STORED DATA ::
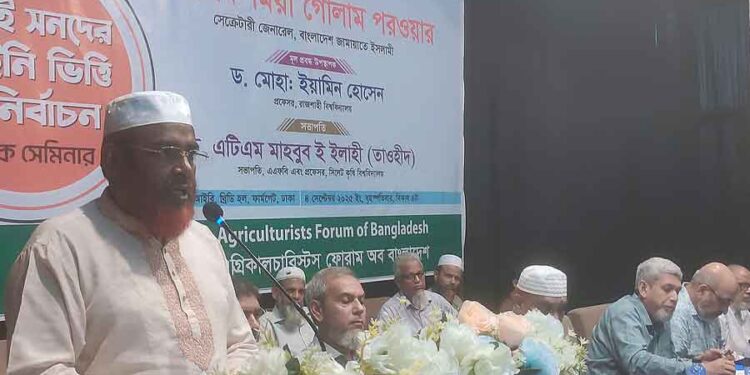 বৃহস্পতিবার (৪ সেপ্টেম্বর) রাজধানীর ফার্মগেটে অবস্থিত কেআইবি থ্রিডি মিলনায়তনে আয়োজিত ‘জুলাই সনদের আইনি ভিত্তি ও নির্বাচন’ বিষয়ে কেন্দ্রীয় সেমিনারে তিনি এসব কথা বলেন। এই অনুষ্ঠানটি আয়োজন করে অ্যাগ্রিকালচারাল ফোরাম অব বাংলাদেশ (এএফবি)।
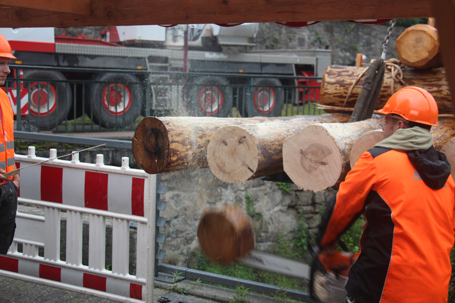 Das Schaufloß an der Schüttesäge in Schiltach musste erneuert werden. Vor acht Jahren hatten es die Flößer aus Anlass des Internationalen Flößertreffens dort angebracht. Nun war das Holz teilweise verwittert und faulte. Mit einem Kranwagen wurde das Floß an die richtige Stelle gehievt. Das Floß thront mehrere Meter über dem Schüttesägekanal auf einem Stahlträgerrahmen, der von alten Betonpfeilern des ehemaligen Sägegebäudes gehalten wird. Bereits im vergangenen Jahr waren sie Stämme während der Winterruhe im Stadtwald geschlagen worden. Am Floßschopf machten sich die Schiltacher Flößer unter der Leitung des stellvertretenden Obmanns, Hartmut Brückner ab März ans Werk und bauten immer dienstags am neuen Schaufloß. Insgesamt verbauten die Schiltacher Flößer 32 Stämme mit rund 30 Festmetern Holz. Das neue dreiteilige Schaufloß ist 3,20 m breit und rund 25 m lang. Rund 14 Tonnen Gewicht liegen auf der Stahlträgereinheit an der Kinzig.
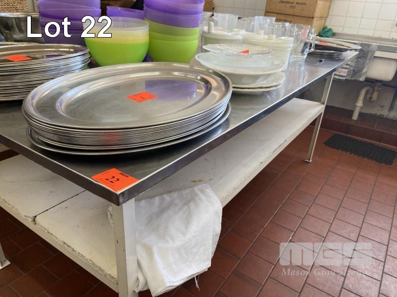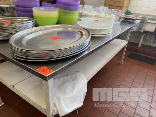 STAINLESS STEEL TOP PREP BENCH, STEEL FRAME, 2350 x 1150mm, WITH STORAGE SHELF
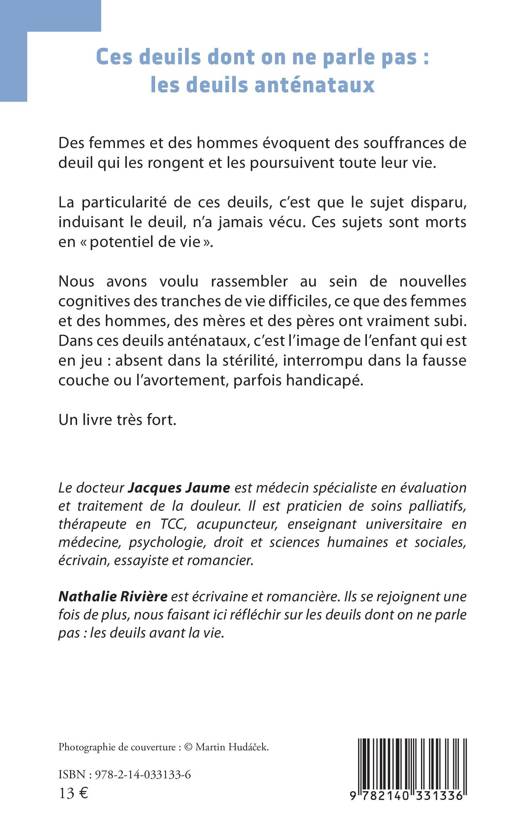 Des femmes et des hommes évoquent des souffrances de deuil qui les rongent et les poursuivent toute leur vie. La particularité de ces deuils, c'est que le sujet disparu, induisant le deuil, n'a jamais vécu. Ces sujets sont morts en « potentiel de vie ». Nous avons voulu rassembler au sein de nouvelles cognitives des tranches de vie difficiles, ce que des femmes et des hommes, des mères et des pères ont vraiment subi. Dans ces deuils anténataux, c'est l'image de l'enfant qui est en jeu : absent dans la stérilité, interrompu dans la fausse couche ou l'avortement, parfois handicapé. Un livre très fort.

AIM OF THE TASK :: Please copy the data above character for character, skipping any pictures.

EXERCISE RESULT ::
 বৃহস্পতিবার (৪ সেপ্টেম্বর) রাজধানীর ফার্মগেটে অবস্থিত কেআইবি থ্রিডি মিলনায়তনে আয়োজিত ‘জুলাই সনদের আইনি ভিত্তি ও নির্বাচন’ বিষয়ে কেন্দ্রীয় সেমিনারে তিনি এসব কথা বলেন। এই অনুষ্ঠানটি আয়োজন করে অ্যাগ্রিকালচারাল ফোরাম অব বাংলাদেশ (এএফবি)।
 Das Schaufloß an der Schüttesäge in Schiltach musste erneuert werden. Vor acht Jahren hatten es die Flößer aus Anlass des Internationalen Flößertreffens dort angebracht. Nun war das Holz teilweise verwittert und faulte. Mit einem Kranwagen wurde das Floß an die richtige Stelle gehievt. Das Floß thront mehrere Meter über dem Schüttesägekanal auf einem Stahlträgerrahmen, der von alten Betonpfeilern des ehemaligen Sägegebäudes gehalten wird. Bereits im vergangenen Jahr waren sie Stämme während der Winterruhe im Stadtwald geschlagen worden. Am Floßschopf machten sich die Schiltacher Flößer unter der Leitung des stellvertretenden Obmanns, Hartmut Brückner ab März ans Werk und bauten immer dienstags am neuen Schaufloß. Insgesamt verbauten die Schiltacher Flößer 32 Stämme mit rund 30 Festmetern Holz. Das neue dreiteilige Schaufloß ist 3,20 m breit und rund 25 m lang. Rund 14 Tonnen Gewicht liegen auf der Stahlträgereinheit an der Kinzig.
 STAINLESS STEEL TOP PREP BENCH, STEEL FRAME, 2350 x 1150mm, WITH STORAGE SHELF
 Des femmes et des hommes évoquent des souffrances de deuil qui les rongent et les poursuivent toute leur vie. La particularité de ces deuils, c'est que le sujet disparu, induisant le deuil, n'a jamais vécu. Ces sujets sont morts en « potentiel de vie ». Nous avons voulu rassembler au sein de nouvelles cognitives des tranches de vie difficiles, ce que des femmes et des hommes, des mères et des pères ont vraiment subi. Dans ces deuils anténataux, c'est l'image de l'enfant qui est en jeu : absent dans la stérilité, interrompu dans la fausse couche ou l'avortement, parfois handicapé. Un livre très fort.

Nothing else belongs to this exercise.